* [Problem statement]: Go through the data below and copy it exactly, skipping every picture.

--- Given entries ---

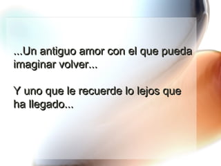...Un antiguo amor con el que pueda imaginar volver...  Y uno que le recuerde lo lejos que ha llegado...
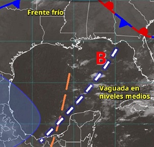 Para hoy viernes, debido a los efectos de una vaguada en Yucatán se espera ambiente caluroso, con temperaturas máximas de 33 a 35º C y bochorno de 37º.
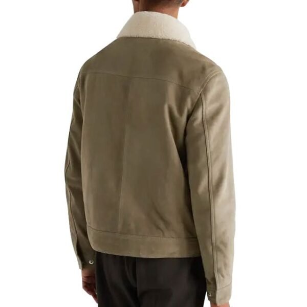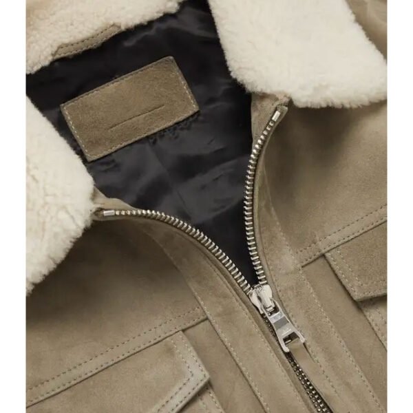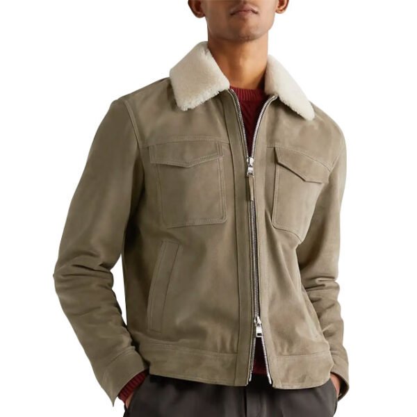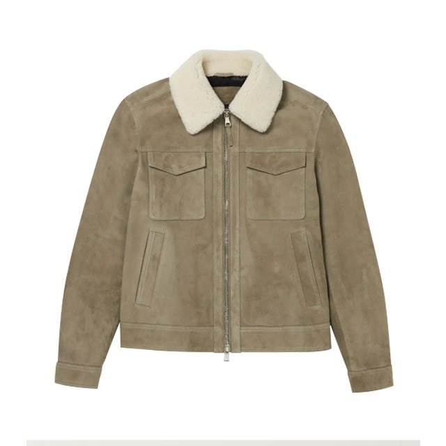 Giacca Camionista in Pelle Scamosciata con Finiture Shearling
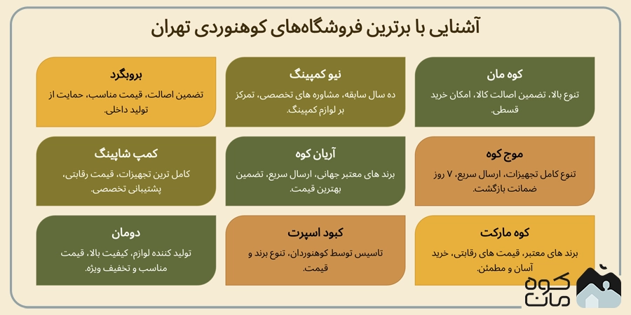 فروشگاههایی مانند کوه مان، نیو کمپ، بروبگرد، موج کوه، آریان کوه، کمپ شاپینگ، کوه مارکت، کبود اسپرت و دومان از معتبرترین فروشگاههای لوازم کوهنوردی در تهران هستند که محصولات متنوع و باکیفیت عرضه میکنند.
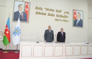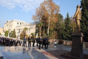 Tədbir iştirakçıları əvvəlcə Mərkəzi Meydanda Ulu Öndər Heydər Əliyevin abidəsini ziyarət edərək, önünə gül dəstələri qoyub, Dahi Liderin xatirəsini dərin hörmətlə anıblar.

---

* [Written solution]:
...Un antiguo amor con el que pueda imaginar volver...  Y uno que le recuerde lo lejos que ha llegado...
 Para hoy viernes, debido a los efectos de una vaguada en Yucatán se espera ambiente caluroso, con temperaturas máximas de 33 a 35º C y bochorno de 37º.
 Giacca Camionista in Pelle Scamosciata con Finiture Shearling
 فروشگاههایی مانند کوه مان، نیو کمپ، بروبگرد، موج کوه، آریان کوه، کمپ شاپینگ، کوه مارکت، کبود اسپرت و دومان از معتبرترین فروشگاههای لوازم کوهنوردی در تهران هستند که محصولات متنوع و باکیفیت عرضه میکنند.
 Tədbir iştirakçıları əvvəlcə Mərkəzi Meydanda Ulu Öndər Heydər Əliyevin abidəsini ziyarət edərək, önünə gül dəstələri qoyub, Dahi Liderin xatirəsini dərin hörmətlə anıblar.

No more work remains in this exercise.